そして、ジュノンの名を出したのが、学園で同じクラスだったシトロン伯爵令息(現伯爵弟)だった事を知り、少しでも顔見知りのほうがいいだろうと、視察も彼が同行する事になった。
そして悲劇が起こったのだ。
今回ミネリタがシトロン伯爵家に赴いたのは、始めようとしていたばかりの事業の白紙撤回の為だった。
ジェルバン子爵家では、ジュノンがいなくなり新規事業を立ち上げてる場合ではなかったからだ。
ミネリタを行かせることには不安だったが、今回ばかりは、子爵が出向かないわけには行かなかった。
誰かを付けるつもりだったのに、何故かミネリタは、勝手に出掛けてあとを追ったロードがシトロン伯爵家に着いたときには、ミネリタはマチルダを連れて帰ったあとだった。
そして観光して帰ってきたミネリタとマチルダは、ロードが帰って来た3日後に、散財し尽くして帰ってきたのだった。
そして皆がマチルダの姿を見て、ミネリタが何故彼女を強引に連れ帰ったのか、さっさと一人で行ったのか分かってしまった。

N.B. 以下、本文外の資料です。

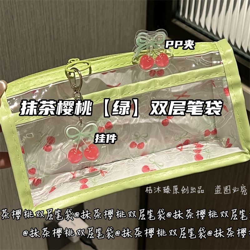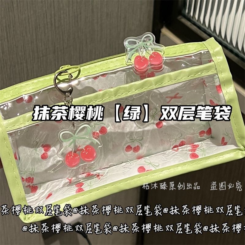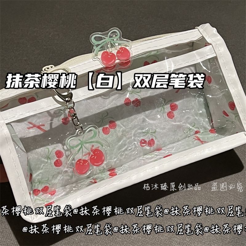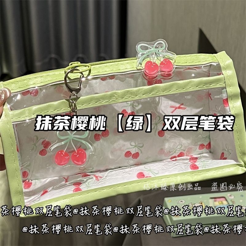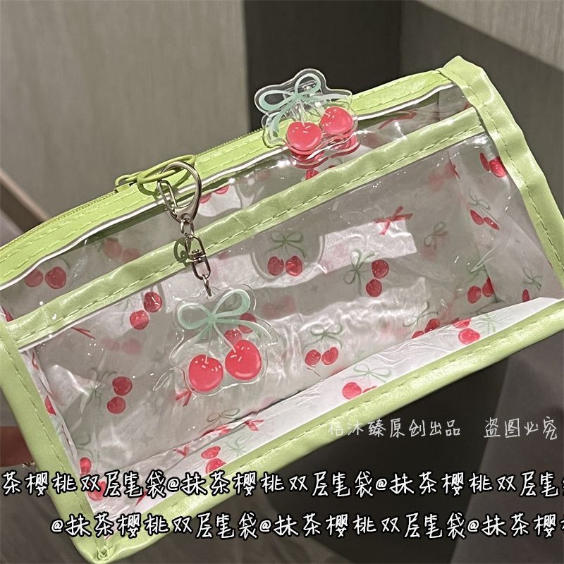 말차 체리 더블 레이어 투명 연필 가방 스타일 고가치 대용량 귀여운 학생 소녀 하트 문구 연필 가방스토어 가기

それはミネリタの髪がキラキラ眩しい金髪で、青い瞳を持つ少女だったからだ。
おそらくミネリタは、最初から彼女を連れ帰るつもりだったのだろうと思えた。
昔から自分のブルネットの髪色と緑の瞳が不満だったミネリタ。
彼女の金髪碧眼への憧れはかなりのものだった。
アノンは小さくても覚えていた。
ミネリタが遊んでいるアノンを見て、嘆いていた事を。
「どうしてアノンは金髪じゃないのかしら。まぁ私とジュノンの子どもですものね。金色の髪の子が生まれるはずないわね。でもせめて目の色は私に似てほしかったわ」
アノンの髪の色は母から譲り受けたブルネット。瞳の色は父から受け継いだ漆黒だった。
それでも美麗と言われた父の容姿を受け継いだアノンは、美少女だったのに、それもミネリタは気に食わなかった。
「女の子はきれいより可愛い方がいいのよ」
そう言って、アノンを見て残念がっていた。
マチルダの容姿は、ミネリタの理想の娘の姿だった。